== Available data ==
__________

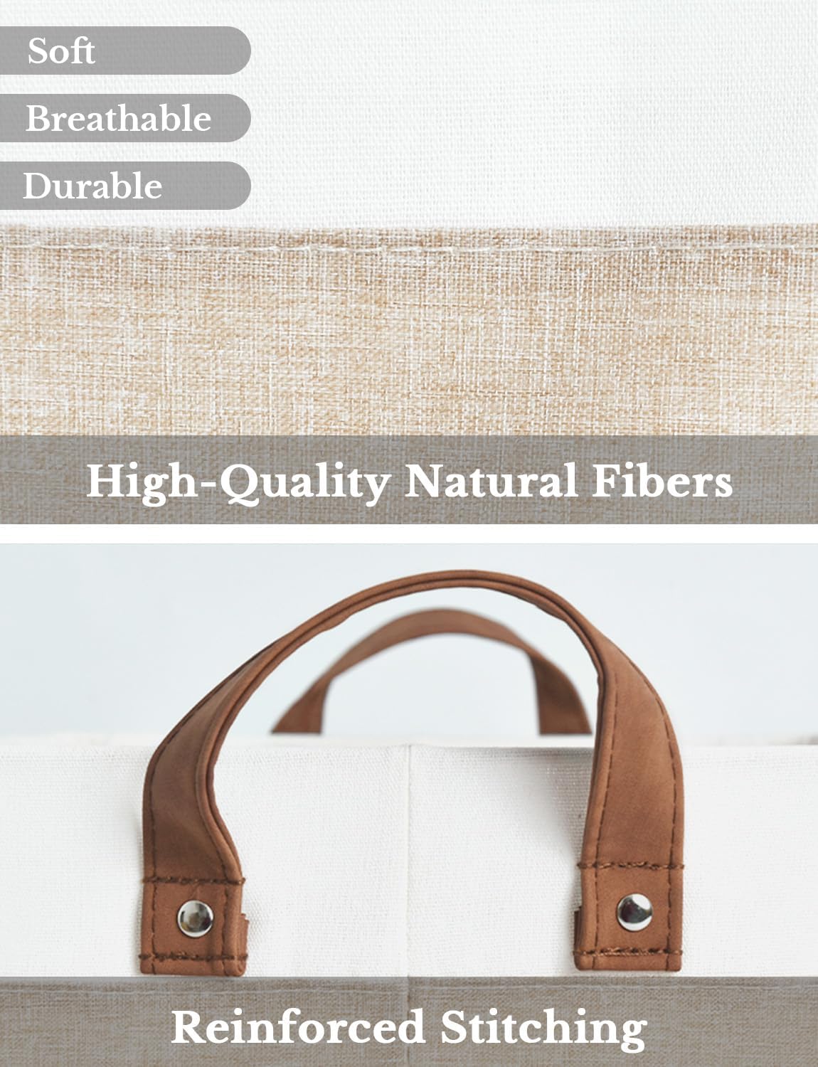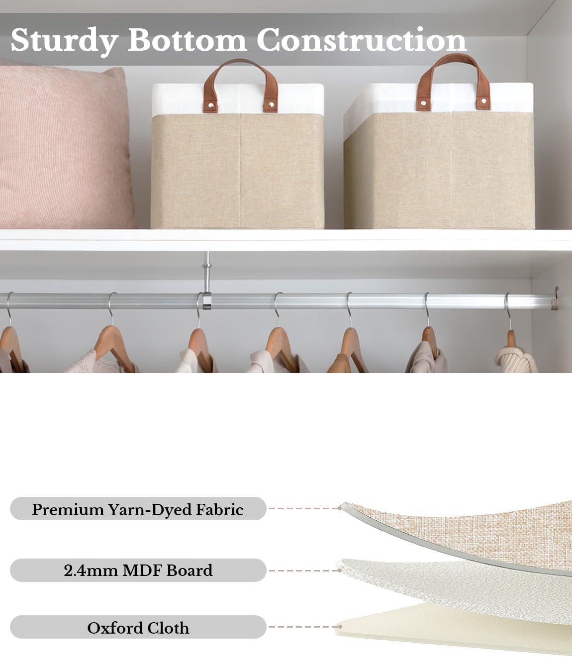 StorageWorks Storage Bins, Fabric Storage Bins for Shelves, Large Storage Baskets with Metal Frame, Closet Baskets and Bins with Handles, Brown and White, 2-Pack
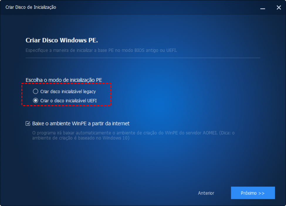 Depois que o modo de inicialização foi alterado na interface do BIOS, podemos inicializar o computador a partir do CD ou da unidade flash USB. Além disso, podemos restaurar a unidade do sistema com base na inicialização do UEFI executando o AOMEI Backupper integrado no CD inicializável ou na unidade flash USB.
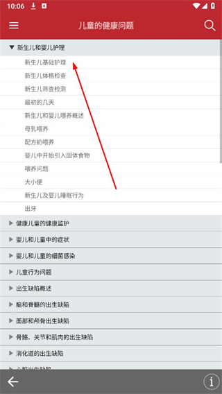 4、點擊展開新生兒和嬰兒護理,選擇想要收藏的具體內(nèi)容。

__________

== What the task requires ==
With every picture omitted, write out the material exactly from its first line through the line containing "Depois que o".

== Solution for this problem ==
 StorageWorks Storage Bins, Fabric Storage Bins for Shelves, Large Storage Baskets with Metal Frame, Closet Baskets and Bins with Handles, Brown and White, 2-Pack
 Depois que o modo de inicialização foi alterado na interface do BIOS, podemos inicializar o computador a partir do CD ou da unidade flash USB. Além disso, podemos restaurar a unidade do sistema com base na inicialização do UEFI executando o AOMEI Backupper integrado no CD inicializável ou na unidade flash USB.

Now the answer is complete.